Sam (John Goodman) and Charlotte (Diane Keaton) are a whole different story. Charlotte is a Cooper by birth (Bucky’s daughter) and is the mother-in-law (or mother) that every stereotype was born from. Everything is always about her, which drives her two kids – Hank and Eleanor – crazy. Be it Hank’s inability to keep a wife or job or Eleanor’s affair with a married man, Charlotte always wants to know “was it something I did?” After forty years of marriage, a continuing, unhealthy obsession with her kids, and an untold number of broken promises (including a 35-year delayed trip to Africa), Sam is at the end of his rope. He doesn’t want to give up, but Charlotte devoted everything to her kids and Sam waited decades for her to devote some time to him. It’s tough to blame a guy for wanting to have a little happiness before he dies after forty years of being little more than a prop. And, you would want to leave too if your wife (or husband) insisted on elaborate Christmas gatherings including forcing everyone to say what they are thankful for around the dinner table and sing Christmas carols in the living room as a group. Dicks like Charlotte are a special breed.
Finally, we have Eleanor Cooper (Olivia Wilde). She is hanging around the airport after having arrived in town, stalling as much as she can before heading to the big gathering, when she meets Joe (Jake Lacy). The two of them are as opposite of each other as two people can be, but they are easily the most interesting people in the movie. They are also the obvious love story of the film, but what makes them interesting is that they are caricatures of the two sides of our political system. Eleanor is an insufferable, liberal democrat who feels the need to lecture Joe about everything he’s “wrong” about. Joe is a religious, conservative republican who looks down his nose at Eleanor’s beliefs and judges her on everything. Also, he’s an Army soldier, just to complete the stereotype. Joe’s flight is cancelled (which is why they’re both still in the airport) and after several cutesy moments and misunderstandings, Emma convinces him to pretend to be her boyfriend and accompany her to the family gathering. These two people are not good humans, but they are entertaining. They also provide the best exchange I’ve heard in a long time:
Eleanor – “You probably don’t even believe in evolution.”
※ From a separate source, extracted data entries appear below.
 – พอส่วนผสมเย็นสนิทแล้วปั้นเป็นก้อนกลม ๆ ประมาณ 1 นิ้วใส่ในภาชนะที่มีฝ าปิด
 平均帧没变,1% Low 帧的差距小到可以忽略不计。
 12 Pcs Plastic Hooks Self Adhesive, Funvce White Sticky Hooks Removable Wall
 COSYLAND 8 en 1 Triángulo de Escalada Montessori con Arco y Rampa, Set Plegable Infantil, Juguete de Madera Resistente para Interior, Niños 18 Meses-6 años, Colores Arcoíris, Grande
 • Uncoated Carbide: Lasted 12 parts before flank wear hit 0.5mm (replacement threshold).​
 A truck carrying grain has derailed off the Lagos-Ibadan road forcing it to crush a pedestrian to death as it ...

Joe – “If we evolved from monkeys, why are there still monkeys?”
Eleanor – “That’s funny; my dog asked me the same thing about wolves.”
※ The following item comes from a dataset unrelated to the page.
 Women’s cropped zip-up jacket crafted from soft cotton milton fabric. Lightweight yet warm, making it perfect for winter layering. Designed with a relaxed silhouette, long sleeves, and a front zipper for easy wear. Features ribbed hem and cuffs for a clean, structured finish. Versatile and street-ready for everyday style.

I sincerely hope I get to use that last retort in real life because it (and the French kiss scene) made this entire movie worth watching.
By the time the movie gets to the big Christmas dinner, you will be so thoroughly depressed (or disgusted) at either the characters or their lives that you won’t really care if they forgive each other by the end of the film. This, in a nutshell, is why the vast majority of critics did not like this movie. There’s no plot to speak of; just a bunch of related people winding their depressing stories toward the inevitable dinner explosion between some, if not all, of them. And, despite all of that, I found myself not hating this movie. As much as I didn’t care about any story save Joe and Eleanor, I never once thought I should get up and leave the theater. Maybe that’s the real power of Christmas – it allows you to see the entertainment value in the numerous dicks in life, rather than just getting angry about them. You’re looking forward to Christmas dinner now, aren’t you?
Rating: That sloppy kiss and evolution quote are worth the price of admission…if the price of admission was half of what it is today.